• [EXTRACTED RECORDS]
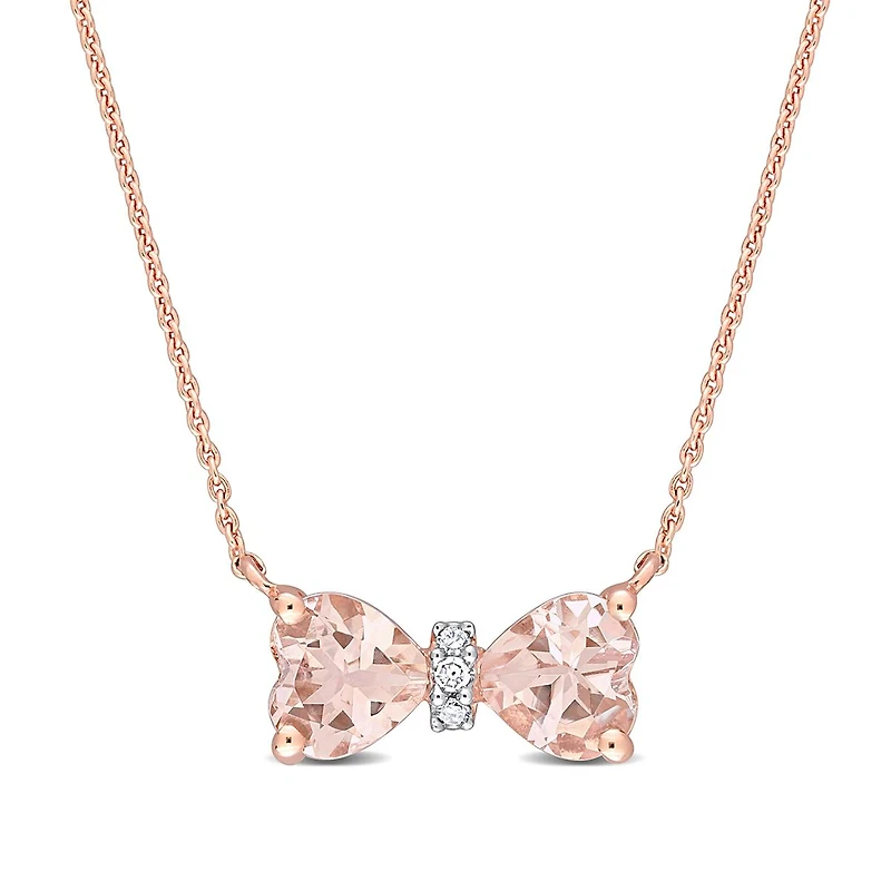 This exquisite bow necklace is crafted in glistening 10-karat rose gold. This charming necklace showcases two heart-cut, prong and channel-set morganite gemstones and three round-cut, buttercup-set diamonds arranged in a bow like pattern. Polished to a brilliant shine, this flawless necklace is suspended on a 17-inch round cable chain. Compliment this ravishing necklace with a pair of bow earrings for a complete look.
--
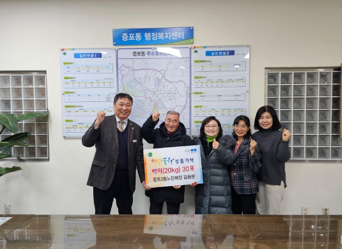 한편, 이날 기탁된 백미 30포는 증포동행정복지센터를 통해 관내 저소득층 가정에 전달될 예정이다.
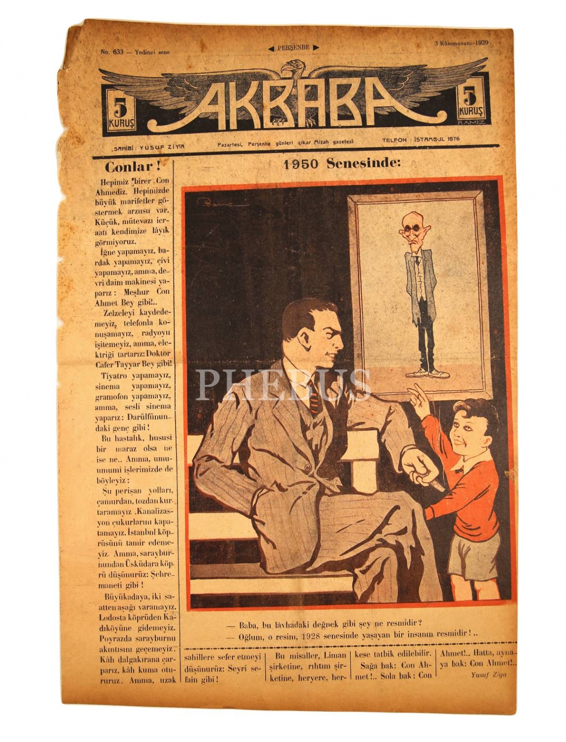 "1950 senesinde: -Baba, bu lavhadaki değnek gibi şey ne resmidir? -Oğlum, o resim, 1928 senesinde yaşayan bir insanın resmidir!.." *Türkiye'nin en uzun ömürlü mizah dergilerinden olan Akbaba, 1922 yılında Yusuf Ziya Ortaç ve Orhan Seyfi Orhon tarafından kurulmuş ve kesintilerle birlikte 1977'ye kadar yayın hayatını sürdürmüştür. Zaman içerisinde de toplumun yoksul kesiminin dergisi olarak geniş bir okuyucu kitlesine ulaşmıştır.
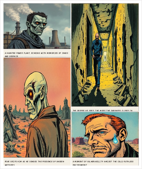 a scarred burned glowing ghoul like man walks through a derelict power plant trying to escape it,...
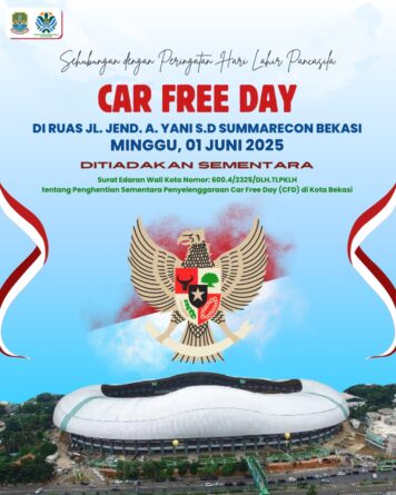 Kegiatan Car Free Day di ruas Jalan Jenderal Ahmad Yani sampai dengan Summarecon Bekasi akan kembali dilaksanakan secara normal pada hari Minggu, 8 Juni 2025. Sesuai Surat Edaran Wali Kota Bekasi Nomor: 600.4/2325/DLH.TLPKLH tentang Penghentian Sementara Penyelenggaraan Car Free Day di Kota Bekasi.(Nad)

• [TASK DESCRIPTION] Quote the data above exactly from the line with "okuyucu kitlesine ulaşmıştır." to the line with "Kegiatan Car Free", both ends counted, and nothing else. Pictures don't go in.

• [RESULT OF THIS TASK]
 "1950 senesinde: -Baba, bu lavhadaki değnek gibi şey ne resmidir? -Oğlum, o resim, 1928 senesinde yaşayan bir insanın resmidir!.." *Türkiye'nin en uzun ömürlü mizah dergilerinden olan Akbaba, 1922 yılında Yusuf Ziya Ortaç ve Orhan Seyfi Orhon tarafından kurulmuş ve kesintilerle birlikte 1977'ye kadar yayın hayatını sürdürmüştür. Zaman içerisinde de toplumun yoksul kesiminin dergisi olarak geniş bir okuyucu kitlesine ulaşmıştır.
 a scarred burned glowing ghoul like man walks through a derelict power plant trying to escape it,...
 Kegiatan Car Free Day di ruas Jalan Jenderal Ahmad Yani sampai dengan Summarecon Bekasi akan kembali dilaksanakan secara normal pada hari Minggu, 8 Juni 2025. Sesuai Surat Edaran Wali Kota Bekasi Nomor: 600.4/2325/DLH.TLPKLH tentang Penghentian Sementara Penyelenggaraan Car Free Day di Kota Bekasi.(Nad)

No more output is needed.